As early as Celtic and Roman times, Cochem was settled. In 866, it had its first documentary mention as Villa cuchema. Other names yielded by history are Cuhckeme and Chuckeme in 893, Cochemo in 1051, Chuchumo in 1056, Kuchema in 1130, Cuchemo in 1136, Cocheme in 1144, then Cuchme, and into the 18th century Cochheim or Cocheim. Cochem was an Imperial estate. It was pledged by King Adolf of Nassau in 1294 to the Archbishopric of Trier and remained Electoral-Trier territory until the French occupation began in 1794. In 1332, Cochem was granted town rights, and shortly thereafter, the town fortifications, which still stand today, were built. Between 1423 and 1425, the town was stricken with a Plague epidemic. In 1623, Elector Lothar von Metternich brought about the founding of a Capuchin monastery. In the Thirty Years' War, the town was besieged, but not conquered. In 1689, King Louis XIV's troops first burnt the Winneburg (castle) down and then conquered the town of Cochem with its castle. Reconstruction was long and drawn out. Beginning in 1794, Cochem lay under French rule. In 1815, it was assigned to the Kingdom of Prussia at the Congress of Vienna.

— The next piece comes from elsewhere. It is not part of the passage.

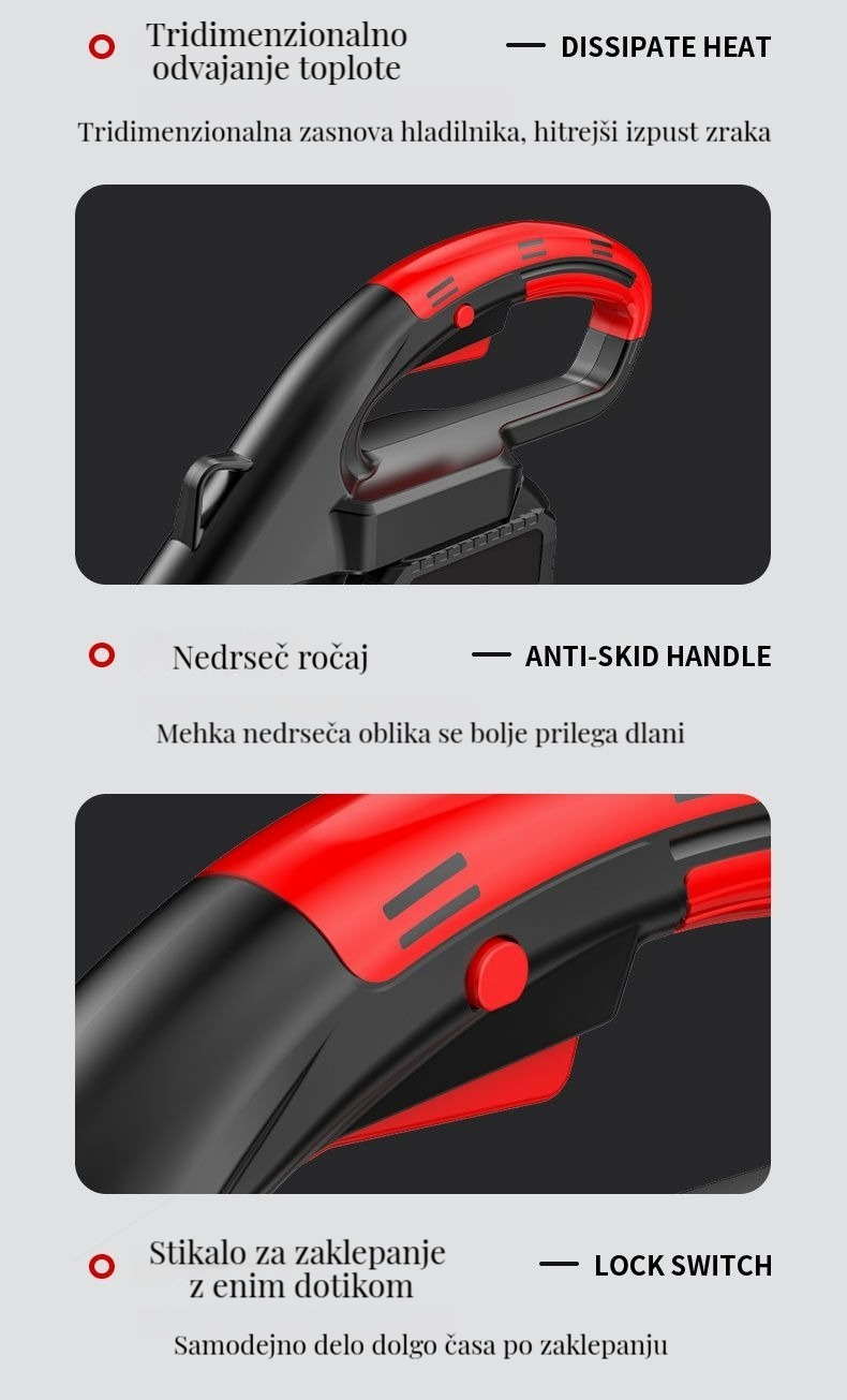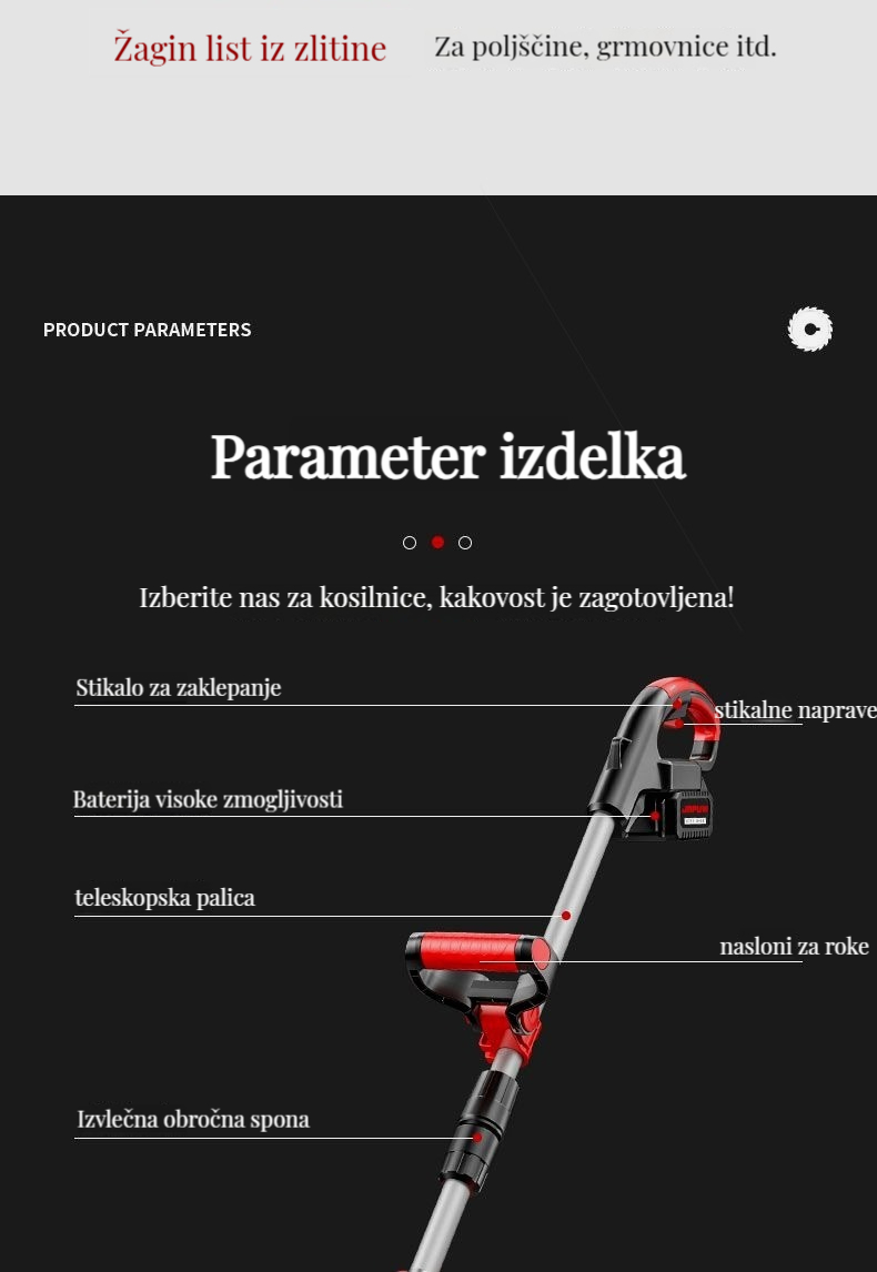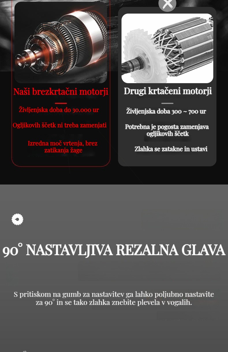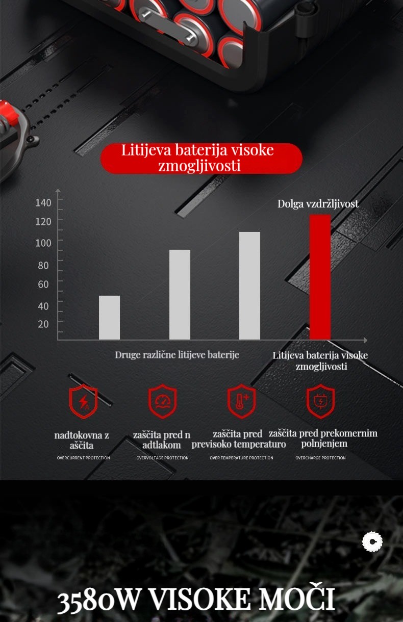 Brezkrtačna litij-ionska kosilnica, popravljanje trate in obrezovanje dreves je enostavno!

Louis Fréderic Jacques Ravené bought the ruin of the former Imperial castle in 1866 and began its reconstruction. Only after a bridge was built across the Moselle at Cochem in 1927 were the two fishing villages of Cond and Sehl amalgamated with the town in the course of administrative reform in 1932. This bridge, called the "Skagerrak Bridge", was dedicated on 23 January 1927. In the Second World War, great parts of Cochem's old town were destroyed. Also during the war, the operations staff of the underground subcamp of Zeisig[1] of the Natzweiler concentration camp between the villages of Bruttig and Treis was located here. At its height, 13,000 people were imprisoned. They provided slave labour for Bosch, which made spark plugs, ignition systems, and glow plugs, which were important to the German war effort, under brutal conditions.[2]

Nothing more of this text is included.